A Tribute by the National Council of Churches of Singapore
On 21 February 2018, the Rev. Dr Billy Graham died from natural causes at his home in Montreat, North Carolina, at the age of 99. Billy Graham was arguably the most significant Christian evangelist and preacher in the 20th century. In his 60 years of active ministry, he has preached the Gospel to more than 100 million in person. Through the use of the media of the day – radio, television, satellite and film – Graham has reached millions more across the globe. It is estimated that nearly 3 million have responded to his simple but compelling invitation to ‘accept Jesus into your heart’.

In addition to his work as an evangelist, Graham was also instrumental in inspiring the formation of organizations and institutions which had a global impact such as Youth for Christ, Wheaton College in Illinois, and the Christian publication Christianity Today.

Graham stood up for Christian values. In many of his sermons, he spoke against drugs, sex and violence. Graham refused to visit South Africa during the Apartheid era until the government allowed integrated seating at his events. He was also the first Christian evangelist of note to speak behind the Iron Curtain. During the Civil Rights Movement of the 1950s and 1960s in the United States, Graham joined the Rev. Martin Luther King Jr. in the fight against discrimination and segregation. Both Graham and King preached to more than 2 million people in New York City alone. King was reported to have said that ‘Had it not been for the ministry of my good friend Dr. Billy Graham, my work in the Civil Rights Movement would not have been as successful as it has been’.
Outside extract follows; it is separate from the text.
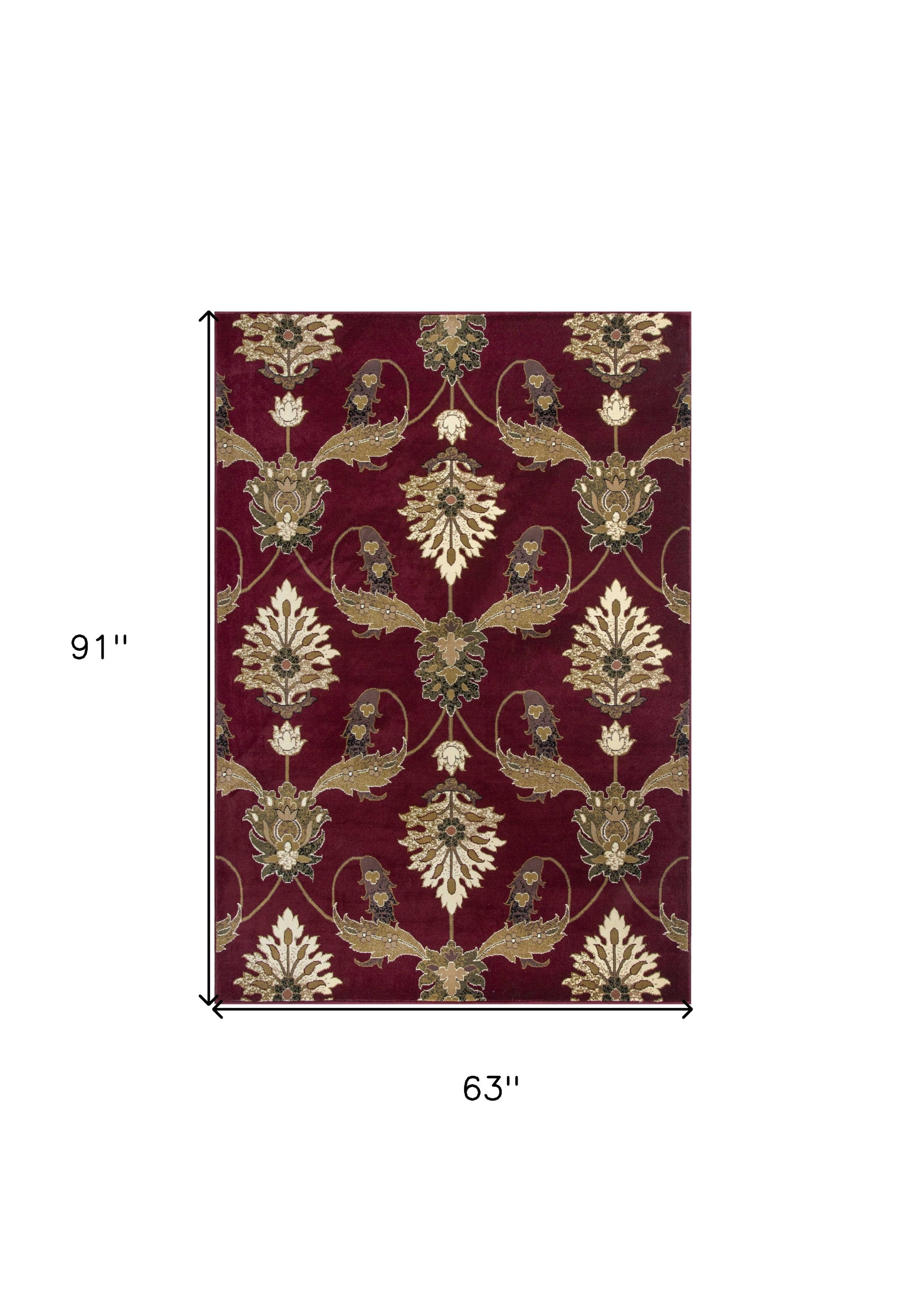 7' Red Beige And Brown Floral Vines Octagon Rug
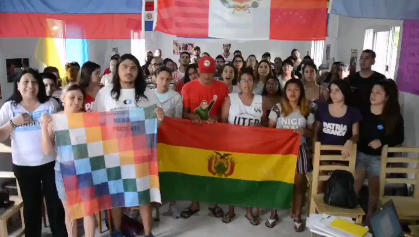 Agradezco a todos los estudiantes reunidos en el curso de Historia Latinoamericana de la Escuela Nacional José Carlos Mariátegui, de #Argentina que al grito de ¡#Bolivia somos todos! manifestaron su apoyo a nuestro pueblo y a nuestros candidatos #LuchoYDavid#EvoNoEstásSolo✊? https://t.co/vvbr0zW8th

His influence was not limited to the West. In December 1978, Billy Graham conducted five nights of Gospel Rallies at the Singapore National Stadium which attracted 337,000 attendees in total. It was reported that 19,631 people came forward for counseling during the five nights.
The evangelistic rallies took place at a time when the churches in Singapore were already active in evangelism. Some authors have described the 70s as the ‘decade of evangelism’. Mainline denominational churches like the Anglican and Methodist churches as well as Assemblies of God and independent churches and Christian organizations were steadily reaching out to different sectors of the population since the late 1960s. The evangelistic rallies helped spurt the momentum of church growth.
During his visit here, Graham envisioned Singapore’s potential global role, especially for Christianity in Asia. Seen in this context, the evangelistic rallies may in some sense be said to epitomize the work of evangelism and outreach that the churches in Singapore had been faithfully doing. It made visible the unity and collaboration which had already begun among churches in Singapore.
Billy Graham has received many accolades during his lifetime. He has been described as ‘America’s pastor’ and ‘the greatest evangelist since the Apostle Paul’. But it was the late evangelical leader, John Stott who gave him the greatest tribute.
In his reminiscences of the American evangelist, Stott said: ‘If I had to choose one word with which to characterize Billy Graham, it would be integrity. He was all of a piece. There was no dichotomy between what he said and what he was. He practiced what he preached’.
Perhaps this is Billy Graham’s truest legacy.